A model is an instance of a formal system: it satisfies the rules of inference of a given formal system, satisfies any axioms the formal system imposes, and has the same grammar as the formal system.

Given a set of formulas $\Gamma$ from a formal system $FS$ and another formula $A$ we say that $\Gamma\vdash A$ if there is a formal proof in $FS$ of $A$ from $\Gamma$. This is called syntactic consequence.

Given a set of formulas $\Gamma$ from a formal system $FS$ and another formula $A$ we say that $\Gamma\vDash A$ if there is no model of $FS$ in which all members of $\Gamma$ are true and $A$ is false. This is called semantic consequence.
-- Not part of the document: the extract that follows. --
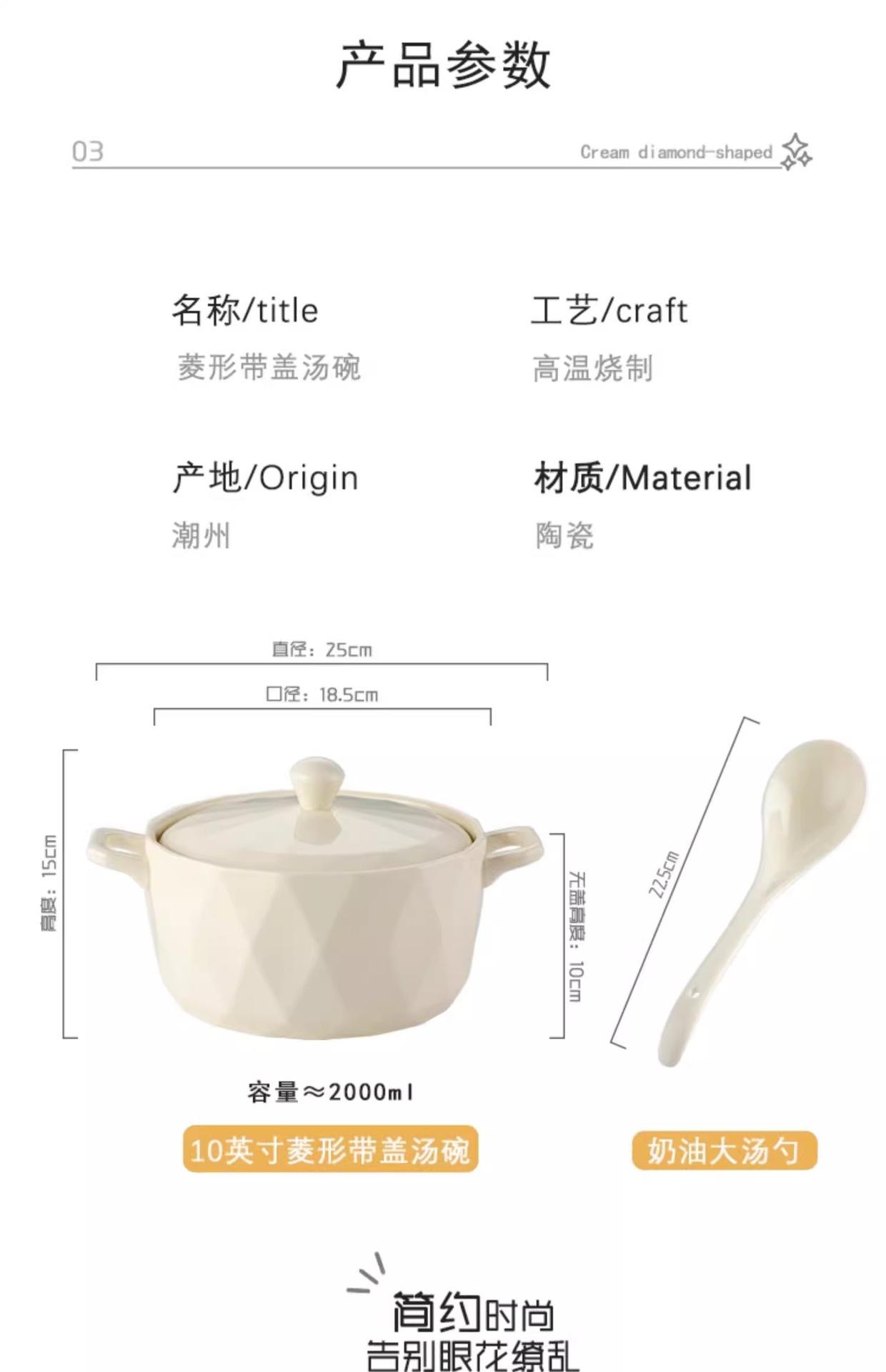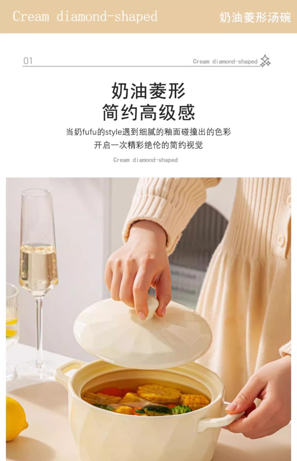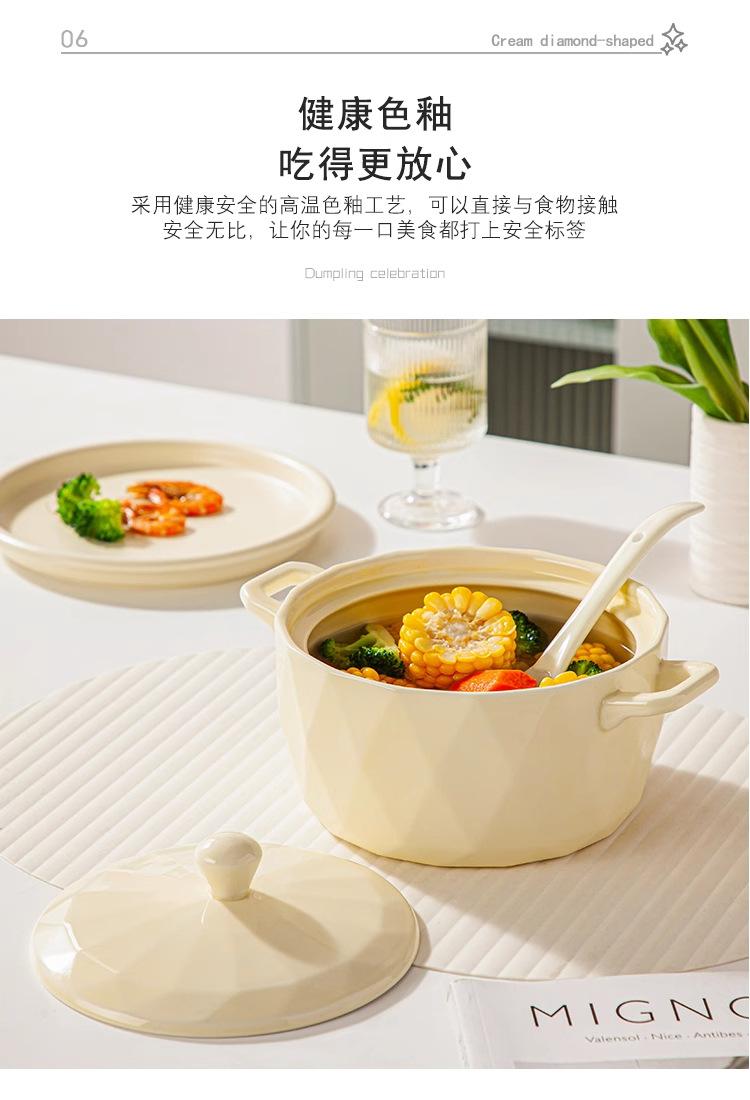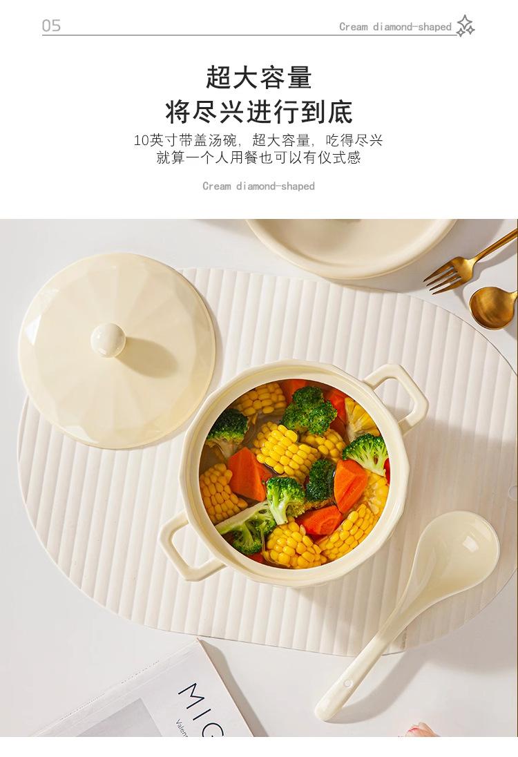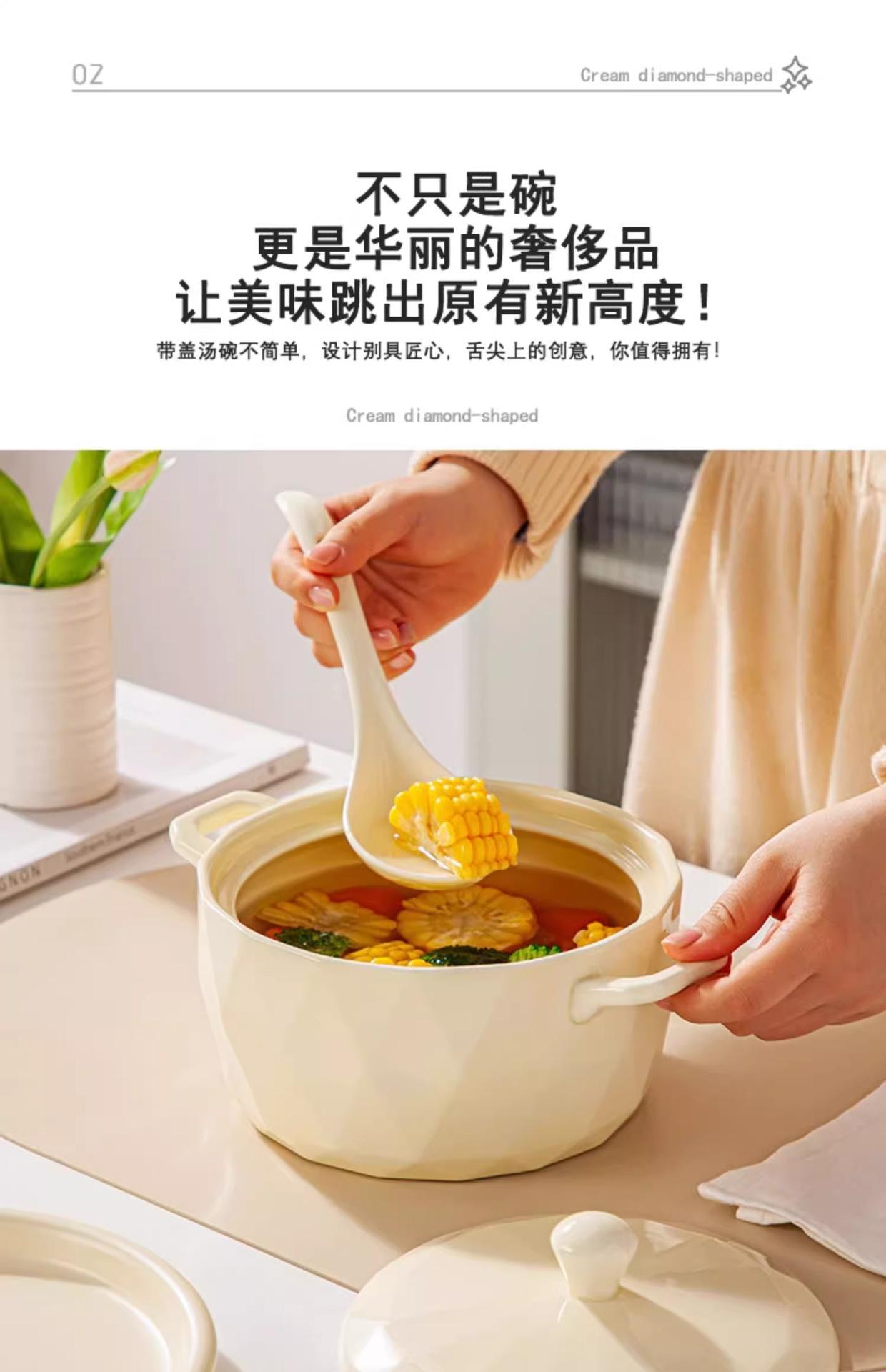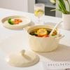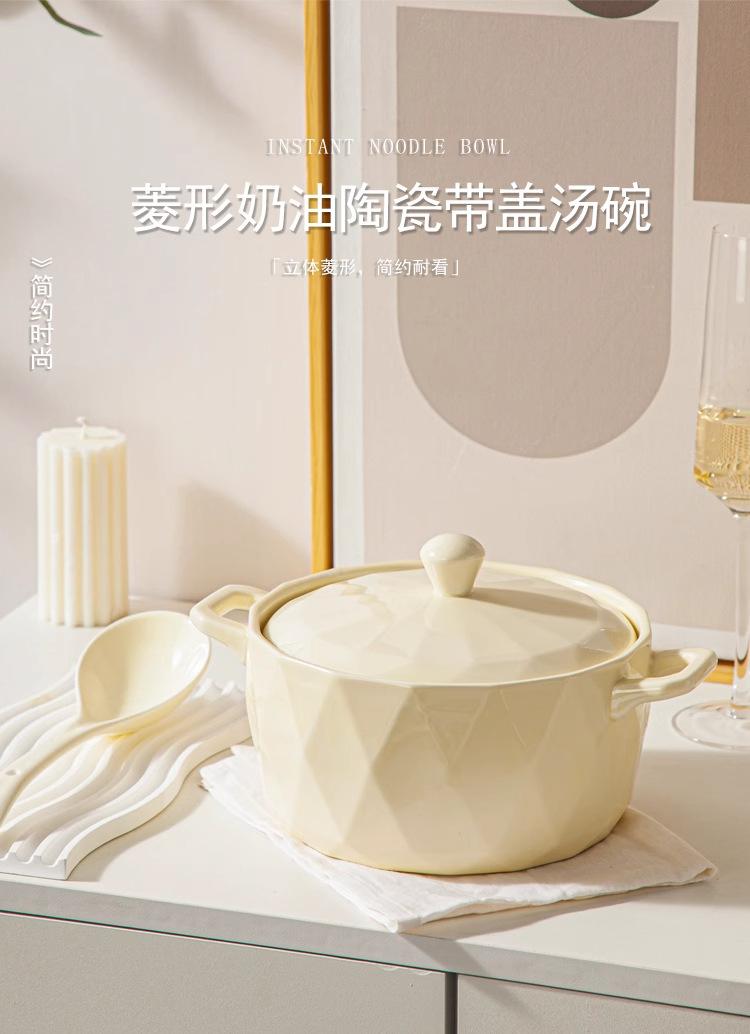 Tigela de Sopa Creme Nórdica Novo Modelo Tigela de Sopa Doméstica Redonda Grande Cerâmica Tigela de Macarrão Instantâneo Caracol Macarrão de Arroz com Tampa Simples

The thing we call implication and usually represented by $\implies$ is a logical symbol of a formal system. The formal system is where the rules of deduction regarding $\implies$ are spelled out. For instance 'conditional proof' is usually a rule of inference for a formal system which says that if $FS\cup\{T\}\vdash T'$

$\therefore T\implies T'$ (where $T$ and $T'$ are formulas). Modus ponens is another typical rule of inference that concerns $\implies$.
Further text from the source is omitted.